March 25, 2023

Economix Blog: Q.&A. on Forecasting Based on Voter Expectations

A new academic study concludes that poll questions about expectations  – which ask people whom they think will win – have historically been better guides to the outcome of presidential elections than traditional questions about people’s preferences. From my article about the study, by David Rothschild and Justin Wolfers, and the reaction to it:

Most recently, Mitt Romney won the Republican nomination despite at various points trailing other candidates — Rick Santorum, Newt Gingrich, Herman Cain, Rick Perry — in polls of Republican voters’ preferences. Even when Mr. Romney was behind, Republicans typically told pollsters that they expected him to win the nomination….

In presidential races since 1952, the expectations question has pointed to the winner in 81 percent of states, based on data from the American National Election Studies. The question about voting intentions pointed to the winner in 69 percent.

Below is a lightly edited interview with Mr. Wolfers, conducted by e-mail, focusing on the implications of the study for current presidential polls.

In the article, I discussed only briefly the expectations polls about the 2012 race, and some of the Twitter feedback was eager for more. By my count, there have been five recent major polls asking people whom they expect to win — by ABC/Washington Post, Gallup, Politico/George Washington University, New York Times/CBS News, and the University of Connecticut.
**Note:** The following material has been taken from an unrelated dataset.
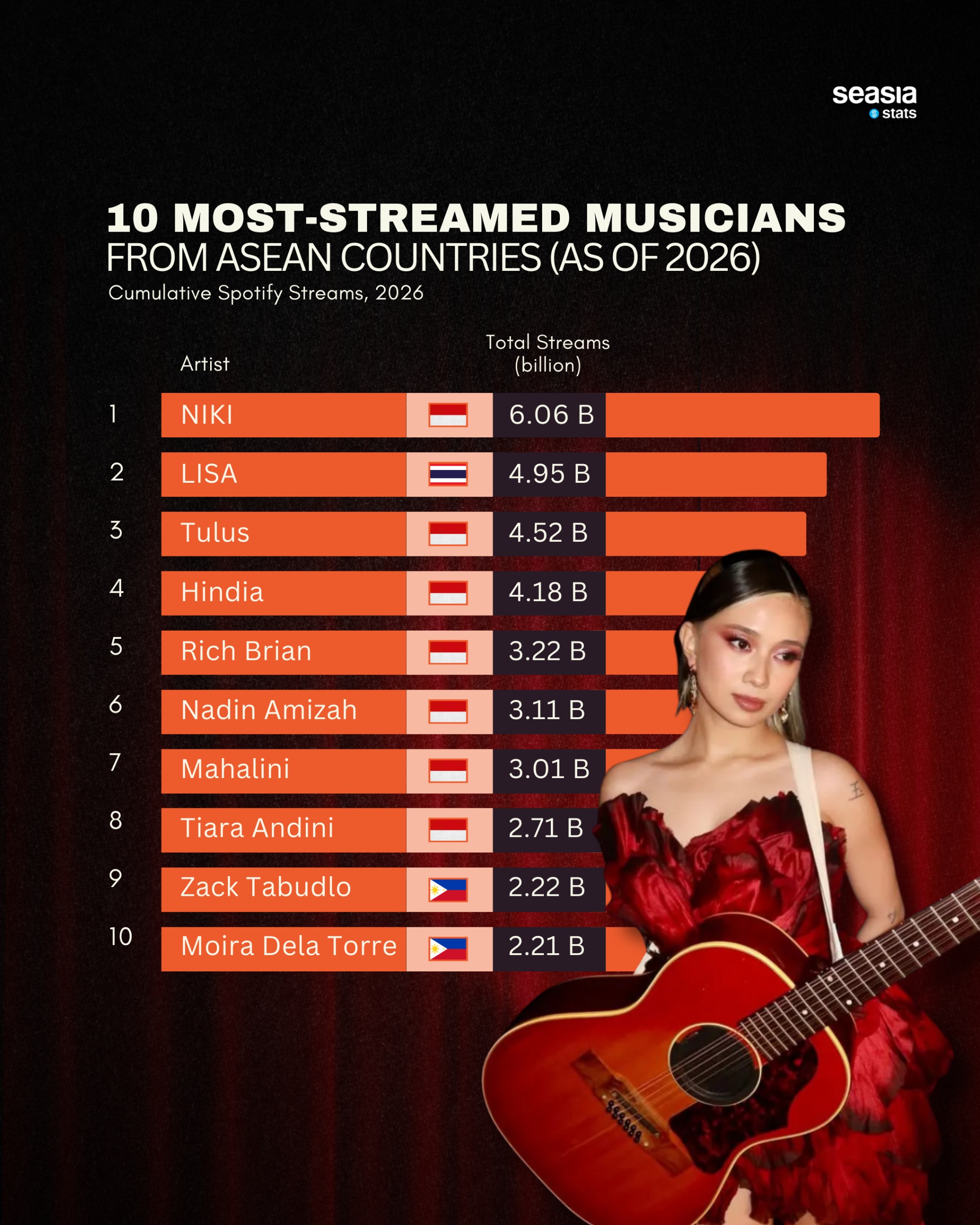 In the digital music era, streaming platforms have transformed how artists build global audiences. Today, a song released in Jakarta, Manila, or Bangkok can instantly reach listeners around the world. Spotify, in particular, has become a powerful stage for Southeast Asian musicians, allowing regional talent to compete alongside global stars. According to data compiled by Seasia Stats as of early 2026, the ASEAN music scene is thriving, with a new generation of artists accumulating billions of streams and gaining international recognition.

There is also sixth from Rand asking people the percentage chances they place on each candidate winning. How consistent are the polls?

There’s a striking consistency in how people are responding to these polls. The most recent data are from the Gallup poll conducted Oct. 27-28, and they found 54 percent of adults expect Obama to win, versus 34 percent for Romney. Around the same time (Oct. 25-28), there was a comparable New York Times/CBS poll in which 51 percent of likely voters expect Obama to win, versus 34 percent for Romney.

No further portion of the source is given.